• _WHAT YOU ARE ASKED TO DO_:
Beginning at the line containing "Lattia: laatta |", repeat each line below exactly up to and including the line containing "揉面垫撒点干粉,将面团擀成约". Do not repeat the pictures.

• _SUPPLIED RECORDS_:
****

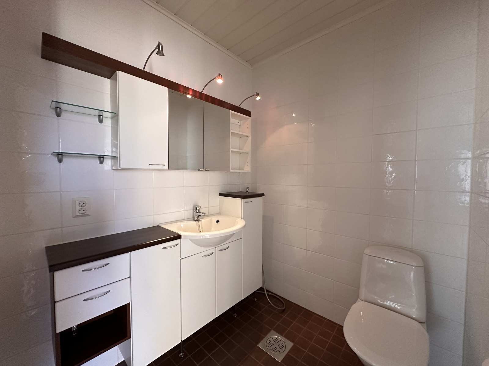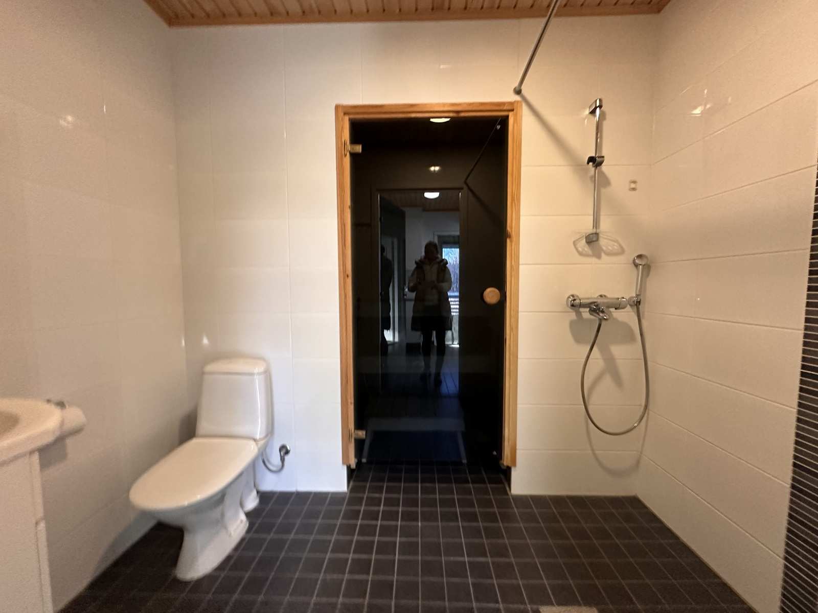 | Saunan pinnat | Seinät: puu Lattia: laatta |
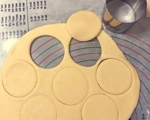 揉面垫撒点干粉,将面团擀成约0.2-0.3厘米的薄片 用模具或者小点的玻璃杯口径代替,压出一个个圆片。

****

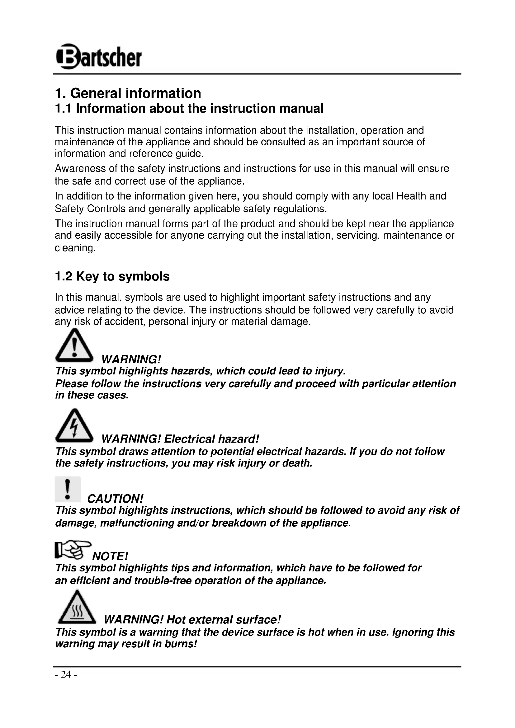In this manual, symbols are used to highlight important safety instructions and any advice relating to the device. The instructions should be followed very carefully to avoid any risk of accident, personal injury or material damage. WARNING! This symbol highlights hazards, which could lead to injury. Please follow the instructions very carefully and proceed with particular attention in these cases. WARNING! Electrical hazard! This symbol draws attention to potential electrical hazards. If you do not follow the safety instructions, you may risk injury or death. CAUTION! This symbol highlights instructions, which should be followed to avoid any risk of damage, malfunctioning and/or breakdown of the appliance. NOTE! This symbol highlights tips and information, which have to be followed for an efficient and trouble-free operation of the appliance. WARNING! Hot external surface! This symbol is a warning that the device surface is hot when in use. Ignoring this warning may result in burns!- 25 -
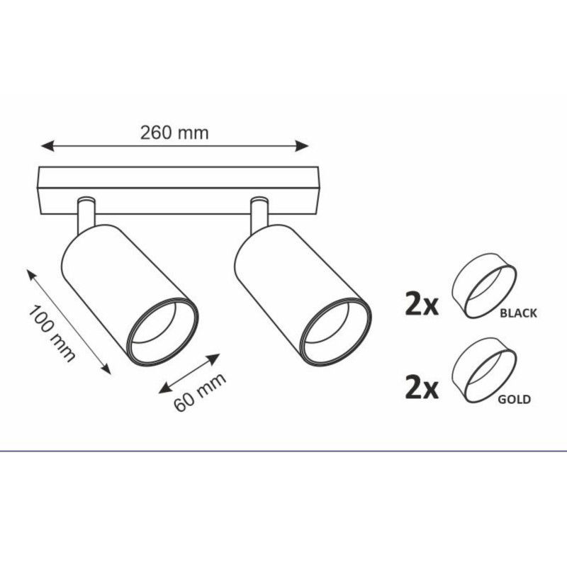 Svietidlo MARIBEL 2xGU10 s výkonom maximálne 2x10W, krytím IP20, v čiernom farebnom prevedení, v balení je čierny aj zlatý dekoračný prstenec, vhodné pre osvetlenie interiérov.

****

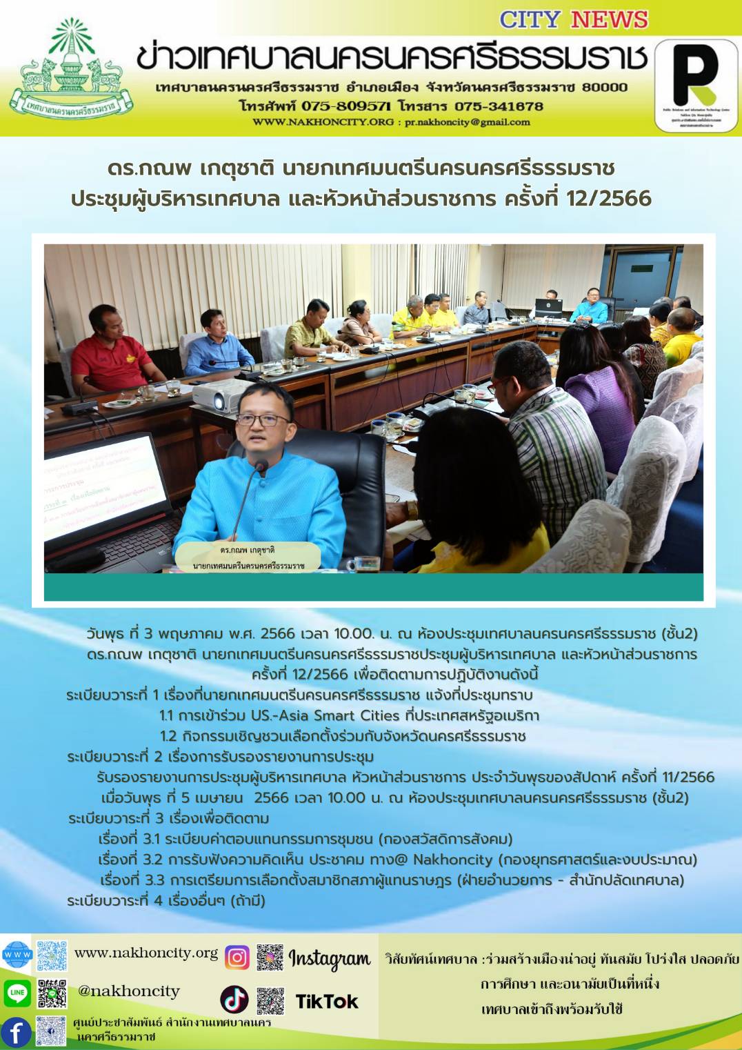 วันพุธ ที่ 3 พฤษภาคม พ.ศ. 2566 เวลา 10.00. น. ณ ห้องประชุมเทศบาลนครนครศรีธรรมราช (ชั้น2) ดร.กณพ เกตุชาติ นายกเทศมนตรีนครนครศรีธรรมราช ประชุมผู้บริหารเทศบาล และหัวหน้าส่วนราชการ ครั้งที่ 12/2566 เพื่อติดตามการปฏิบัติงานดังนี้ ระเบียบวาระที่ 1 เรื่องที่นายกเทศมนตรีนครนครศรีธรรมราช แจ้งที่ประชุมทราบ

****

• _ANSWER TO THE EXERCISE_:
 | Saunan pinnat | Seinät: puu Lattia: laatta |
 揉面垫撒点干粉,将面团擀成约0.2-0.3厘米的薄片 用模具或者小点的玻璃杯口径代替,压出一个个圆片。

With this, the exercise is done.